I know some of you will say this is a lazy approach. However, I do not know obj-c yet and the few apps I have in mind currently are database driven but would not be something to live in a cloud somewhere. They would be more personal on your device. Then I may even expand it, into a full MAC OS X app - but marketing that type of software is harder than putting it out on the app store.

In fact I already have two of them fully written in MS-Access (from prior installations), but I want to make it more mobile friendly, and break free from having the Access dependancy and having to have a PC.
 
Precisely. This is why I code everything in native machine language...nothing but 0s and 1s for me. Yes, it does take me 7 hours to write a simple "Hello, world!" program, but at least I have the satisfaction of knowing I'm programming the "right way". Those of you coding in C/C++ and Objective-C are obviously too lazy or stupid to know how to program properly.

That's an amazing statement and I'm not sure whether I should laugh or cry.

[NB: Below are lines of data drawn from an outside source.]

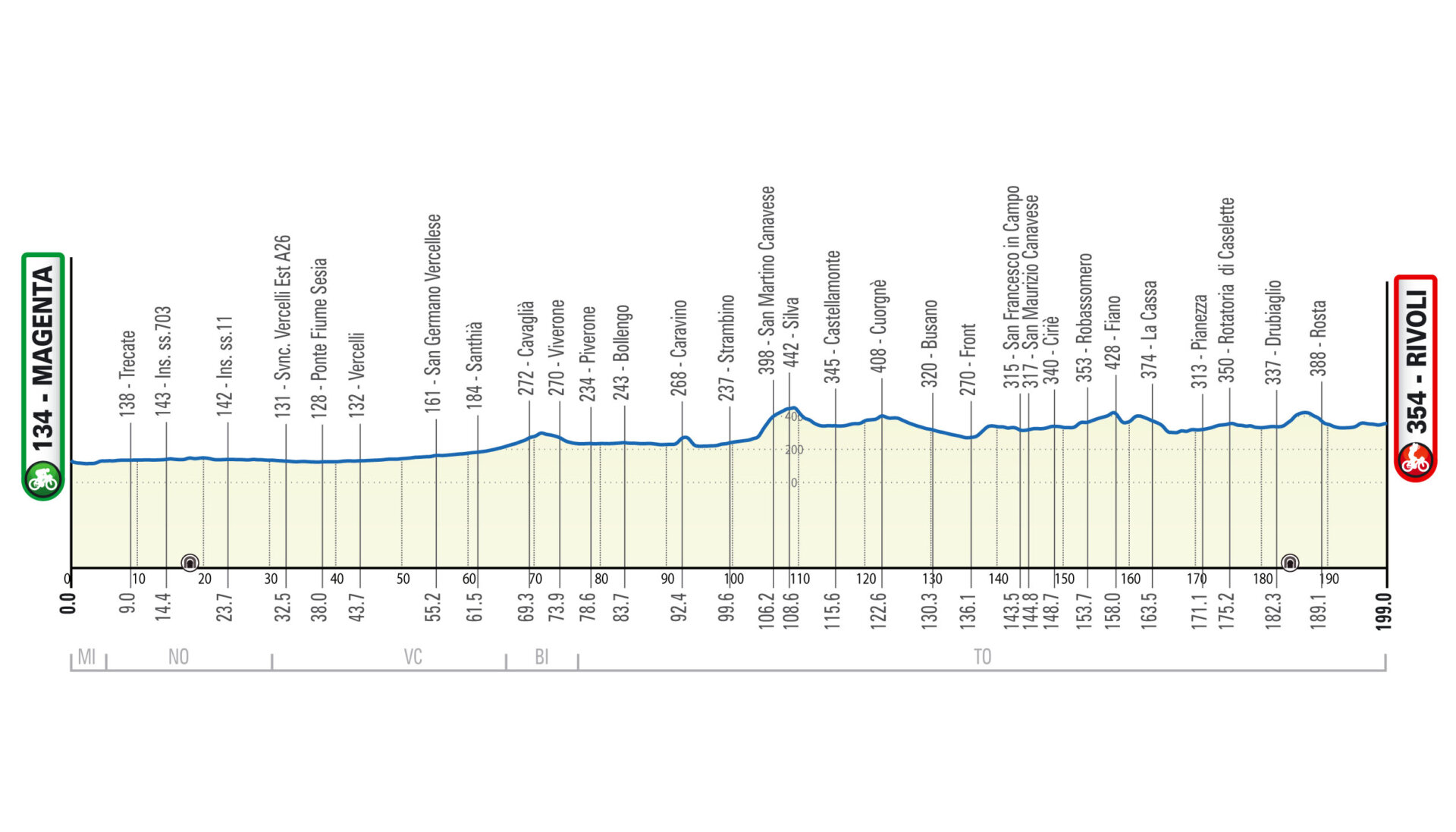 Il percorso è sostanzialmente pianeggiante fatto salvo l’attraversamento del Canavese dove sono proposti alcuni brevi saliscendi che non presentano né lunghezze né pendenze degne di rilievo. Partenza da Magenta per attraversare su strade pianeggianti l’alta pianura padana nella zona delle risaie toccando Novara e Vercelli per portarsi quindi nel Canavese dopo Cavaglià, Viverone e Bollengo. Il Canavese si presenta con piccoli saliscendi che proseguono e Nord di Torino nella zona del Parco della Mandria. All’imbocco della Val di Susa la strada torna sostanzialmente pianeggiante fino all’arrivo. Si incontrano, negli abitati attraversati, i consueti ostacoli cittadini come rotatorie, spartitraffico e passaggi rialzati.
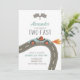 Two Fast Race Car 2nd Birthday Invitation with blue retro race car.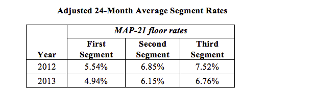 For funding, the determination of the applicable rate is based on averaging interest rates over an historical period – 24 months, with a floor on rates based on a 25-year average under MAP-21 relief. Keeping it simple (we have posted several detailed articles on the MAP-21 rates, including Implications of MAP-21 for DB plan finance), here are floor rates for last year (2012) and this year (2013).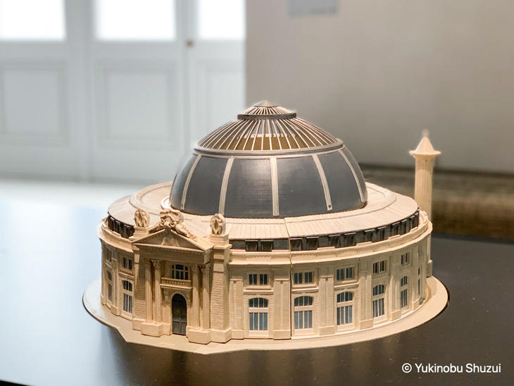 円筒のコンクリート構造の外側には、旧穀物取引所時代からの部屋が、建物の外側に沿って並んでいます。地上階は展示スペースとショップなど、1階と2階が展示スペース、3階にはミシェル&セバスチャン・ブラス親子によるレストラン「Halle aux Grains」が入ります。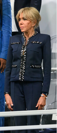 ブリジット・マクロン仏大統領夫人は、ルイ・ヴィトンのカスタムメイドのネイビースキューバジャージーのボクシージャケットと、ブーツカットパンツを着用しました。このツーピースは縁とポケットにシルバーとブラックのダミエ刺繍が施されています。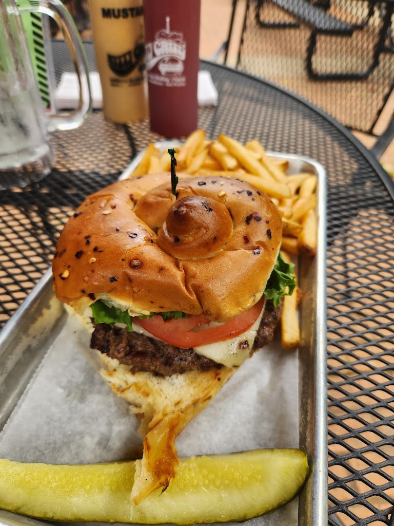 The food was average to below average here. My burger was very bland and not much flavor. The patio was nice; they allow dogs outside on the patio.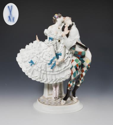 Tänzer aus dem "Russischen Ballett": Harlekin und Columbine. Meissen.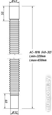 | Информация | Гибкая труба 40 х 32 без выпуска, для соединения сифона с выходным отверстием д.32мм или д.40мм и канализации с входом д.32мм или д.40мм. |

I weep for the future.................... :(
 
So you're saying Apple is wrong to allow this? Blasphemy! :D

IMO, script code has it's place but the OP has a valid point. I have seen my share of Visual Basic code grown out of control into a crappy, schlepped foobar that should be taken out in to the public square and beheaded.

The problem is most "professionals" don't know when to stop coding in scripts and start coding native based on the complexity of the project. Script code gives you a quick return but that diminishes as features start going in these projects. Both Visual Basic and Flash are good examples of this.

At times, management -- epically if they never wrote code in their career -- cannot see beyond the "Does it work?" mindset. From that, dumping scripts to native code is a hard sell I have been in the middle of a lot. If you code native right, your maintenance cost does not go out of control like script code as the project matures.

I have seen many "five pounds in a one pound box" of script code grind development to a halt when new features can fit in the code base anymore.

Yes, I'm sure there are good OO guys out there that can do script code but they are few and far between. Not to mention they undersell themselves since they "just do scripts."